Most of the next 20 minutes–and most of the movie–are spent watching cows eat grass. You might say, “Why would I want to watch cows eat grass?” but let me tell you, that grass looked scrumptious. And, as cows spend the majority of their lives eating, digesting, and eating again, it makes sense that so much time is spent on this essential activity. The way the cows chomp the grass like it is the best thing they’ve ever tasted in their life (and it probably is), may have converted me to grass eating. The satisfying crunches are also good endorsements for the grass’s deliciousness. Is it 20 minutes of grass-eating? Yes. But I honestly could watch more.
The detail-focused cinematography definitely helped on that front as well. Every shot shows just how beautiful every texture, sound, color, and time of day is. The texture of the cows’ fur, the light bouncing off a puddle as it first starts to rain, the deep blues of the night, the chirps of early morning birds through the fog. I’d like to think it shows how much beauty cows find in their everyday.
We also watch a cow give birth. No cuts. No music. No discretion. We see (and hear) a calf squeeze, covered in amniotic fluid and blood, out of their mother. The newborn spends a few minutes learning how to stand and being cleaned affectionately by its mother. This was a bit out of the ordinary for me. I saw a goat give birth once around the age of 8, and it was not an experience I wanted to relive. However, the frankness of the shot did not portray the birth as graphic or shocking, but more as a fact of bovine living: neither bad nor good. This was definitely a moment when I was torn between artistry and gut reaction. After letting it marinate in my head for a day, I do think it really is a beautiful way to see life, if graphic.
Similarly, there are matter-of-fact shots of cows peeing and defecating. Again, no cuts or music. At this point, I decided cows don’t have much of a taboo around these things and wouldn’t mind people seeing them pooping. These are simply normal bodily processes done in front of the rest of the herd. Still, this requires a bit of a perspective shift.

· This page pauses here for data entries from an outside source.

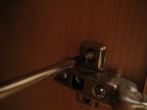 V mojem primeru se mi zgornji vijak s časom zrahlja in se mi vrata omare ponovno ne zapirajo dobro. Zato ga bom odvil. |
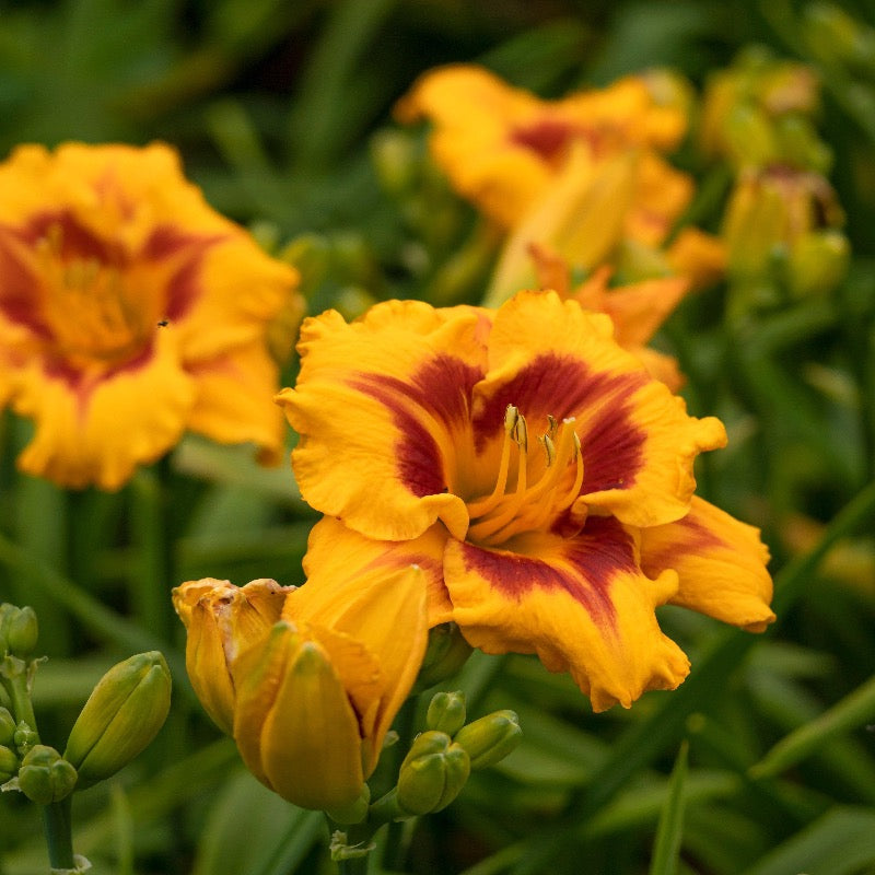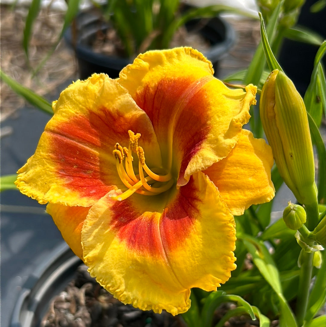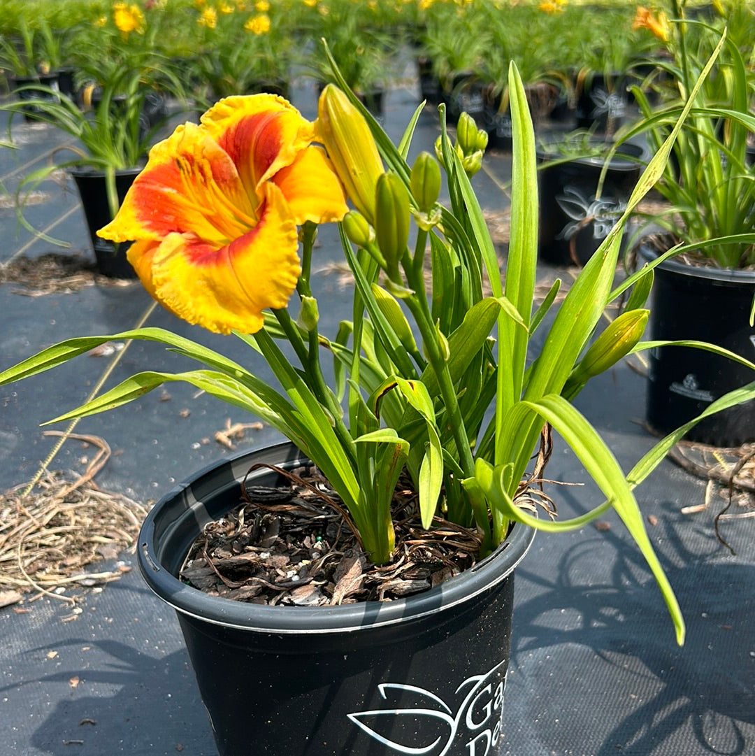 Island Bonfire Daylily is a compact re-blooming semi-evergreen perennial with strap-like deep green foliage. Its early bloom of ruffled golden flowers with a fiery eye continues throughout summer into fall attracting butterflies and pollinators. Best bloom in deep rich well-drained soils.
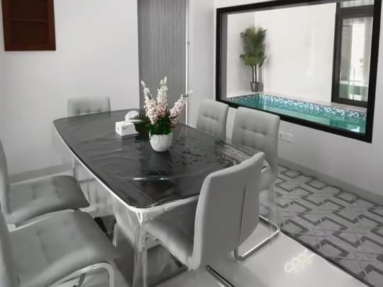صالة فسيحة تضم مطبخًا تحضيريًا وصالة طعام.
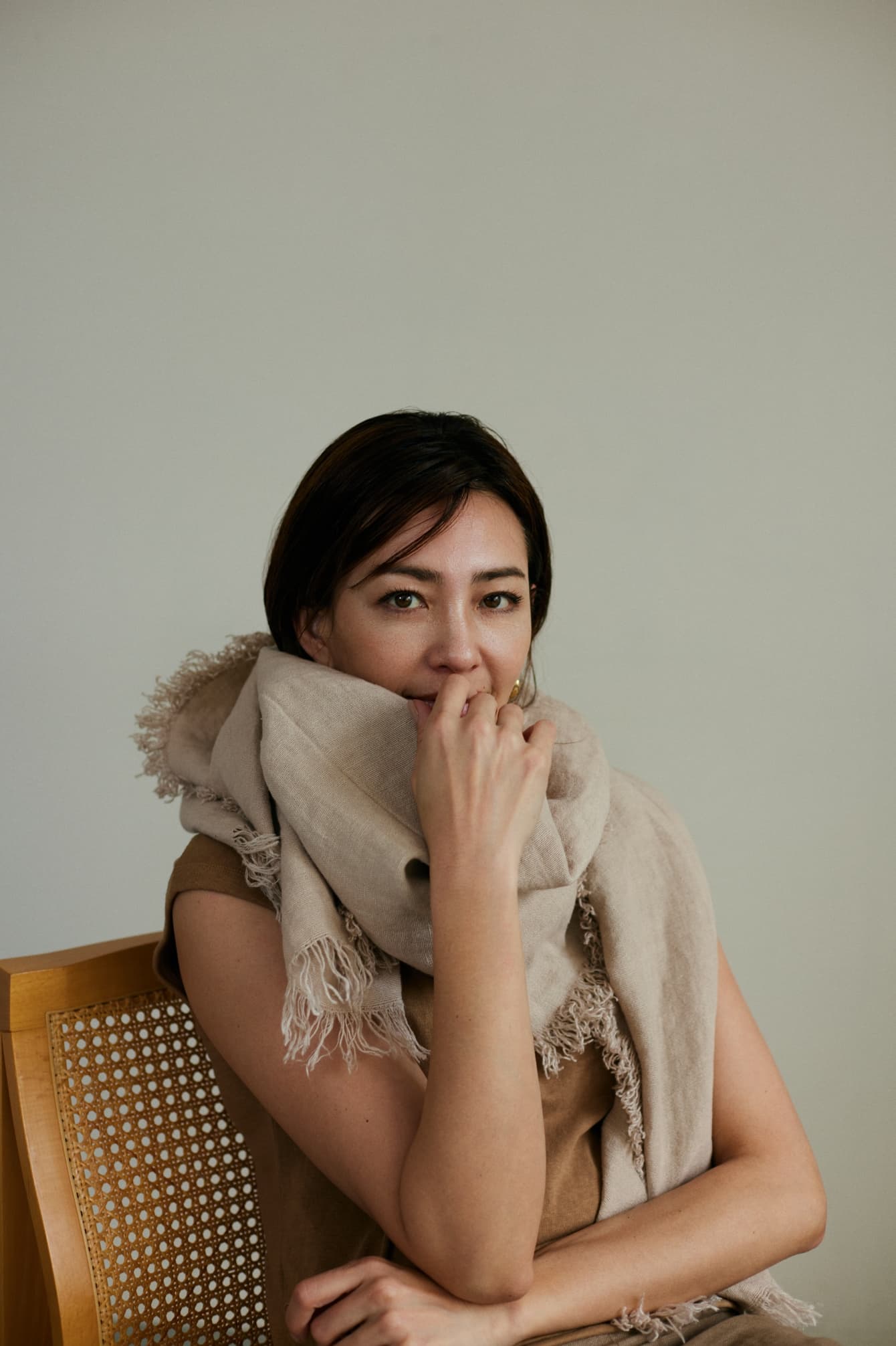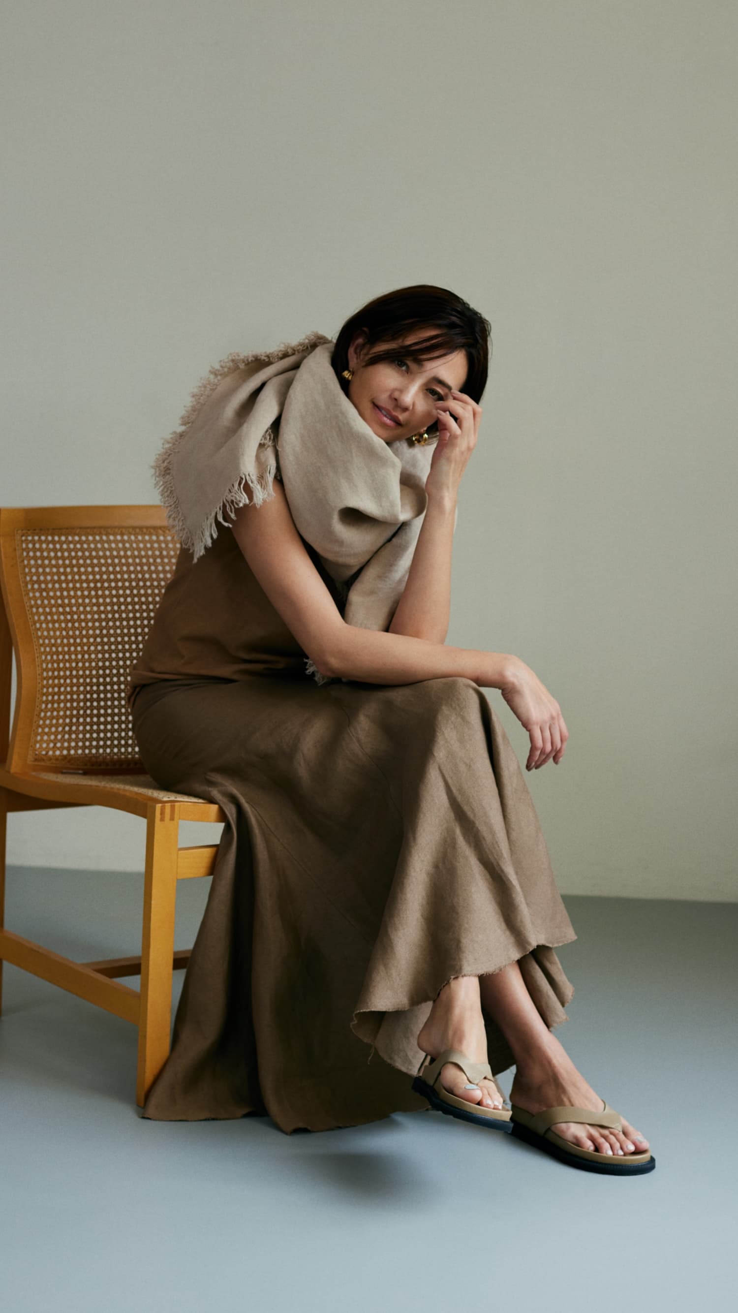 「シンプルなトップスにボリュームのあるリネンストールを巻くひと手間は、私の中で余裕と贅沢を感じるポイント。リッチ感とともに、ベージュがますますニュアンスに満ちるよう。ぜひお試しを」。

After accepting the reality that cows poop, we are thrown into the lack of autonomy that the herd has. Cows are grouped and steered into vehicles whose destinations are unclear. We also see one mother and her calf encounter a plastic bag rolling across the otherwise verdant and idyllic pasture. These instances show how humanity infringes onto cows’ otherwise peaceful existence. Between these more poignant moments, the cows move across the landscape, continue eating grass, clean each other, find apple trees, and experience the changing of the seasons. This emphasizes the herd’s naturally peaceful existence. Later, the herd is split in two, and we see the remaining cows mourn the loss of their family. The final shot is a long, up-close, (dare I say, intimate?) view of a cow chewing its cud. Panning from cheek, to ear, to jaw, and finally to mouth and nose before the credits roll.
Does the herd remember the loss? Am I taking this too seriously? In the end, who’s to say? I enjoyed watching cows go about their lives for an hour. I would recommend it to anyone prepared to see bovine bodily functions up close, or for those looking for a bucolic, relatively plotless movie. But definitely be prepared for some graphic images of cow parts after giving birth. On the flip side, the film could be interpreted as a commentary on climate change, an argument for veganism, or as support for absurdist schools of thought. Bovines’ lack of narration and music leaves the story ambiguous, letting the audience sit with the film and decide what it means for them.